This pipeline can be used to obtain tax profiles, pathway abundance tables from metagenomic reads. The input The MetaPhlAn, HUMAnN and Kraken2 databases are in the current version downloaded as part of the pipeline and stored in the db folder (the first time you use the pipeline, it therefore takes a bit longer).
metagenomicspipeline is a bioinformatics pipeline that processes shotgun metagenomics reads to obtain relative abundances and pathway abundances using BioBakery software.
- Input check
- Preprocessing
- Taxonomy profiles:
MetaPhlAn(default) orKraken2 - Pathway abundances:
HUMAnN - Present a MultiQC report (
MultiQC)
If you only want to use certain parts of the pipeline, you can use the flags --skip-processing, --skip-metaphlan, --skip-humann to skip certain subworkflows. If you want to get Kraken2 profiles instead of MetaPhlAn, use --skip-kraken false.
:::note
If you are new to Nextflow and nf-core, please refer to this page on how
to set-up Nextflow. Make sure to test your setup
with -profile test before running the workflow on actual data.
:::
First, prepare a samplesheet with your input data that looks as follows:
samplesheet.csv:
sample,fastq_1,fastq_2
CONTROL_REP1,AEG588A1_S1_L002_R1_001.fastq.gz,AEG588A1_S1_L002_R2_001.fastq.gz
Each row represents a pair of fastq files. This pipeline does accept single-end and paired-end fastq files. For single-end data, use only fastq_1.

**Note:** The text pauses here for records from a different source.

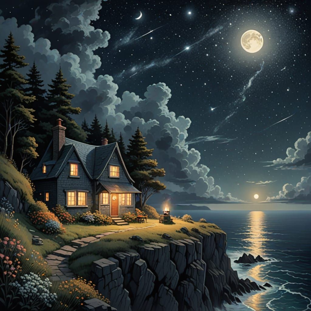 A small cottage on a sea cliff. Smoke puffs from the chimney. Only candlelight comes from the cottage. The night sky is the milky way over t...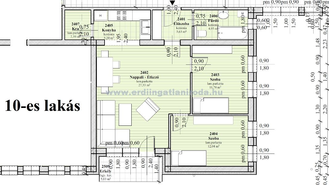 10-es lakás. 2 szoba + nappali, 67,52 m2 (+ 5,03 m2 erkély + 5 m2 tároló). 90,518 Millió Ft (+ felszíni parkoló 1,5 Millió + Tároló 2 Millió össz.: 94,018 Millió Ft)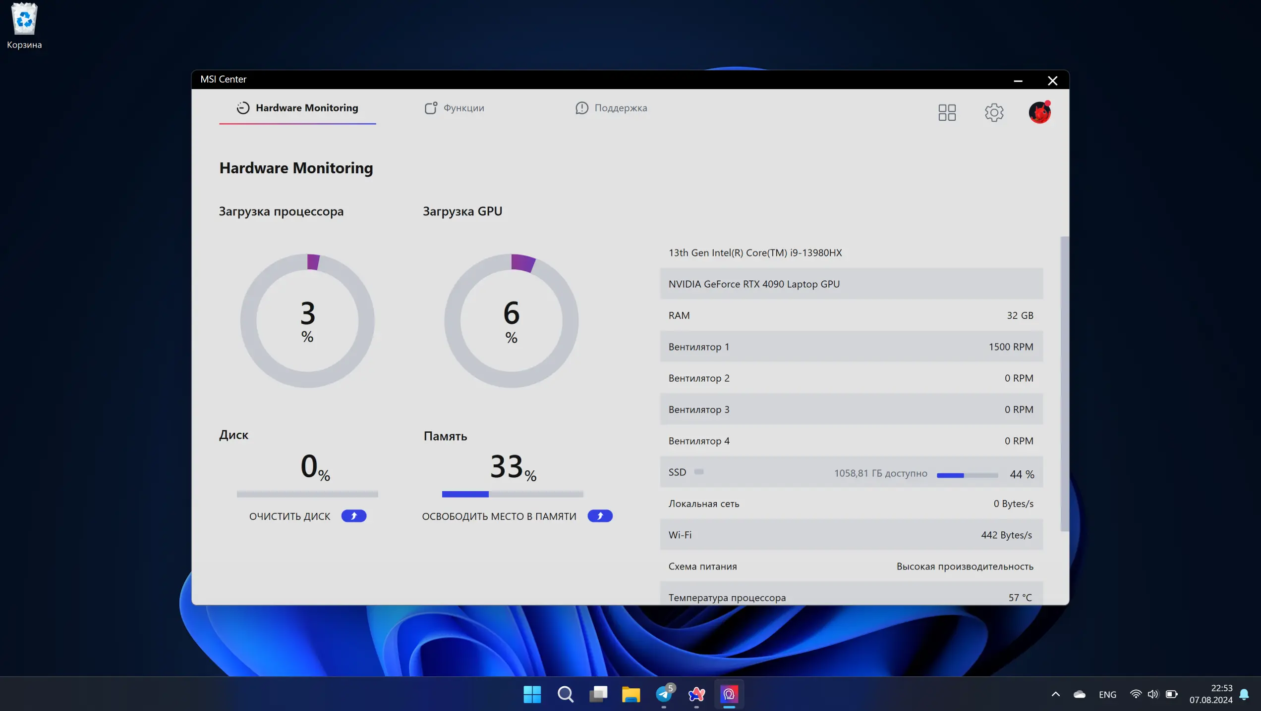 MSI Titan работает на Windows 11 Home, которая модифицирована специальной утилитой от производителя. В ней очень много функций и очень гибкая настройка. Выше уже описывали режимы производительности, но это не все. Через MSI Center можно обновлять драйверы, следить за уровнем нагрузки на процессор и видеокарты, проводить диагностику системы и многое другое. В остальном это классическая Windows с игровыми лаунчерами, программами от NVIDIA и множеством софта.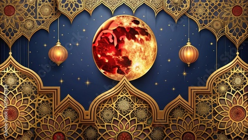 Ornate Golden Archways Frame a Fiery Celestial Body, Illuminated by Hanging Lanterns Against a Night Sky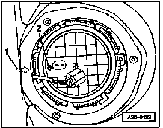 - Remove fuel level sensor 2 together with seal slightly out of opening in tank.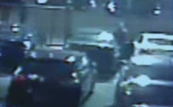 Surveillance cameras caught some thieves push a salesman away from a car they were test driving and then take off with the wheels.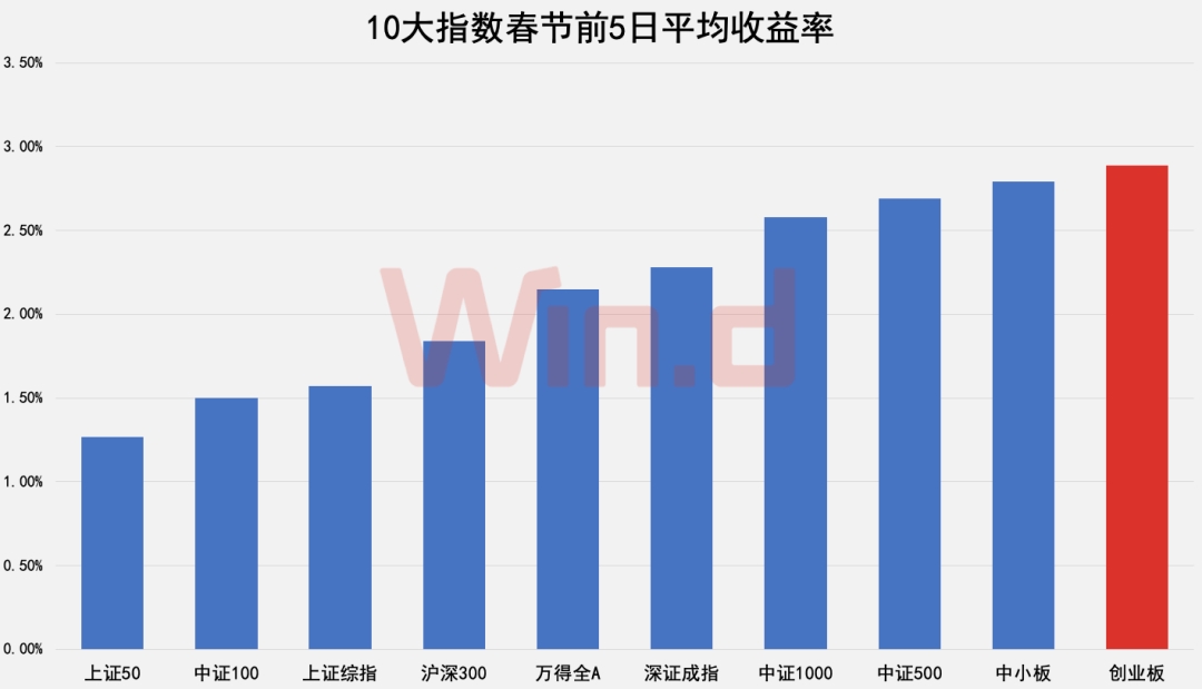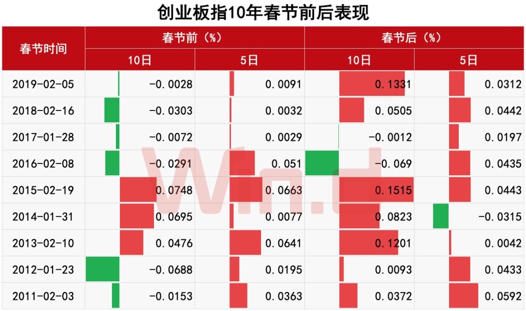 创业板指节后平均涨幅大于节前,且在春节前5个交易日和春节后10个交易日内上涨概率超过80%。

Now, you can run the pipeline using:
nextflow run barbarahelena/metagenomicspipeline \
-profile <docker/singularity/.../institute> \
--input samplesheet.csv \
--genome GRCh38 \
--outdir <OUTDIR>The subsampling level is by default is 20 million. If you want to change this subsampling level, you can specify it by using --subsamplelevel 10000000 (to set it to 10 million, for example).

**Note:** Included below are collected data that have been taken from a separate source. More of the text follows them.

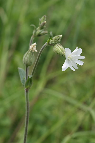 Plante vivace, velue, glanduleuse dans le haut, verdâtre. Tiges de 50 cm à 1 mètre, rameuses. Fleurs blanches, rarement roses, grandes, dioïques, odorantes et s'ouvrant le soir, en cyme dichotome. Calice oblong, à la fin renflé-ovoïde, à dents triangulaires-obtuses. Pétales bifides, couronnés d'écailles ovales, à onglet auriculé. Capsule grosse, ovale, sans carpophore, ni cloisons, à 10 dents dressées. Graines planes sur le dos. {link="http://www.tela-botanica.org/bdtfx-nn-64192-synthese"}{/reference}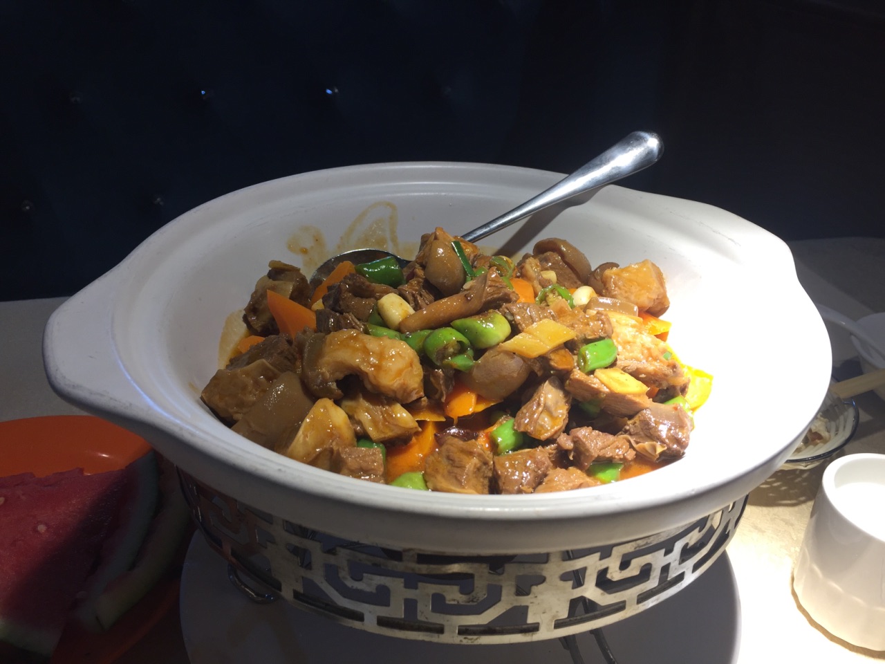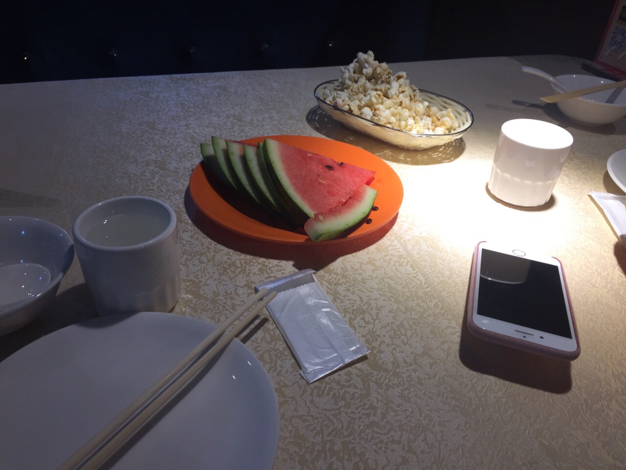 这家店在华宇购物中心的地下一层,门口有个牌子,还是很好找的。这家店的门脸不是很大,但是里面很深,座位很多,多为沙发座,还有一些绿植,环境比较小资,看起来心情舒畅,但是外面热的时候里面的空调不是特别给力。 他们家的服务必须给个赞,饭前有西瓜和爆米花提供,因为知道我们比较怕热,还为我们提供了电风扇来降暑,还送了酸梅汤,主动换盘子,都十分贴心。 滋补驴肉是我吃过最好吃的驴肉,驴肉炖得很烂,分量很足,瘦肉很多但同时也会有一些肥肉和皮来提升口感。调味很好,味道十分浓郁也非常好吃。 口味猪蹄炖的程度恰到好处,不是最软你,但是火候把握得正好。味道口感都十分棒,让人吃起来就停不下口,小份的猪蹄的量也很大。 蟹黄豆腐不太推荐,味道很淡,稍微有点腻。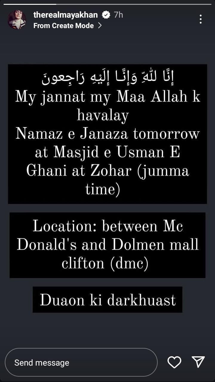 رپورٹ کے مطابق مایا خان نے فوٹو اینڈ ویڈیو شیئرنگ ایپ انسٹاگرام کی اسٹوری میں اپنی والدہ کے انتقال کی افسوسناک خبر شیئر کی۔اداکارہ نے اپنی انسٹاگرام اسٹوری میں کہا کہ میری جنت، میری ماں، اب اللہ تعالیٰ کے حوالے ہیں۔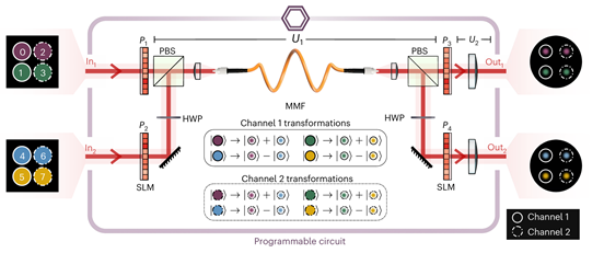 研究團(tuán)隊(duì)的核心創(chuàng)新在于構(gòu)建了一種可編程8×8維多端口量子光學(xué)電路,該電路利用多模光纖內(nèi)部天然存在的復(fù)雜模式混合過(guò)程作為高維幺正變換載體,并在其前后引入四個(gè)可編程相位平面,實(shí)現(xiàn)對(duì)兩個(gè)獨(dú)立光子、八個(gè)橫向空間模式的按需操控。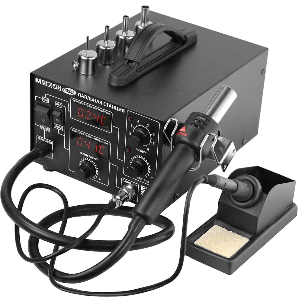 Паяльная станция МЕГЕОН 00522 подойдет для различного рода пайки, создания или ремонта электрооборудования. Данное устройство обеспечивает стабильную работу, равномерный нагрев, обладает регулировкой температуры от 200 до 480°С. На корпусе расположен цифровой дисплей. Держатели для паяльника и фена делают работу с этой станцией комфортной и многофункциональной.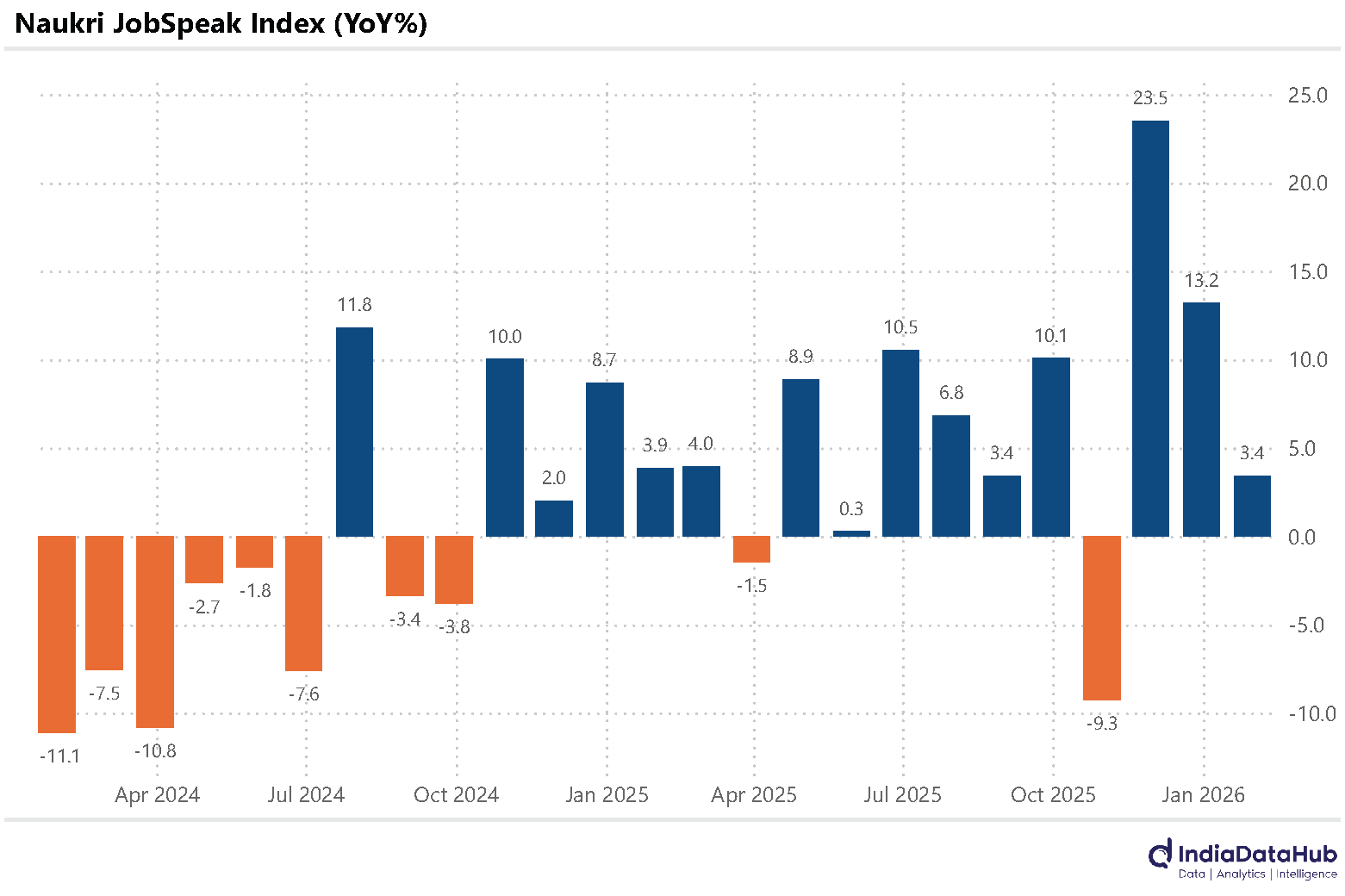 Lastly, White-collar hiring moderated in January, with the Naukri JobSpeak Index growing by a modest 3% YoY after a double-digit growth in the previous month.

I recommend using docker or singularity, this is a lot less error prone because of the containerized environments. If you don't have container software installed, you can also use conda as profile. For users at the University of Amsterdam: use the profile snellius if you are using the Snellius (uses Singularity by default).

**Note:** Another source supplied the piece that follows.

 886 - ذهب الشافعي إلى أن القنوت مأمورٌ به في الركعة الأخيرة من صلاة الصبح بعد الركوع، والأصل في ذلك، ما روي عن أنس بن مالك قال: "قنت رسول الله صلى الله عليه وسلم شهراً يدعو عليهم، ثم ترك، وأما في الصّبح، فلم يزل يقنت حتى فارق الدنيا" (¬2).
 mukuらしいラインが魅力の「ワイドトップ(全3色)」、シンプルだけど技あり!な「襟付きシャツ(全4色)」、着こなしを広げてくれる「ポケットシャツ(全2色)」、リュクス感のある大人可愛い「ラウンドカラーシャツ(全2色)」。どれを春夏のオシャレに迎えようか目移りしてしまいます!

You can also run a test that uses the samplesheet_test.csv in the assets folder (you don't need data for this), using:
nextflow run barbarahelena/metagenomicspipeline \
-profile test \
--outdir <OUTDIR>If you are working on an HPC, there might be specific rules on how many jobs the pipeline can submit in a specific timeframe. I wrote a separate instruction for use on HPCs in the usage documentation
For more details and further functionality, please refer to the usage documentation and the parameter documentation.
All output of the different parts of the pipeline are stored in subdirectories of the output directory. These directories are named after the tools that were used ('metaphlan', 'humann', etc.). Other important outputs are the multiqc report in the multiqc folder and the execution html report in the pipeline_info folder.
For more details on the pipeline output, please refer to the output documentation.
I used the nf-core template as much as possible and used the taxprofiler nf-core pipeline and Eduard's metagenomics pipeline as examples.
If you would like to contribute to this pipeline, please see the contributing guidelines. For further information or help, don't hesitate to get in touch.
This pipeline uses bioBakery software, including MetaPhlAn and HUMAnN. It also uses Kraken2, if you specify it in the options (--skip_metaphlan, with --skip_kraken false). Please cite the papers of these tools. An extensive list of references for the tools used by the pipeline can be found in the CITATIONS.md file.
If you use this metagenomicspipeline for your analysis, please cite it using the following doi: 10.5281/zenodo.10663326.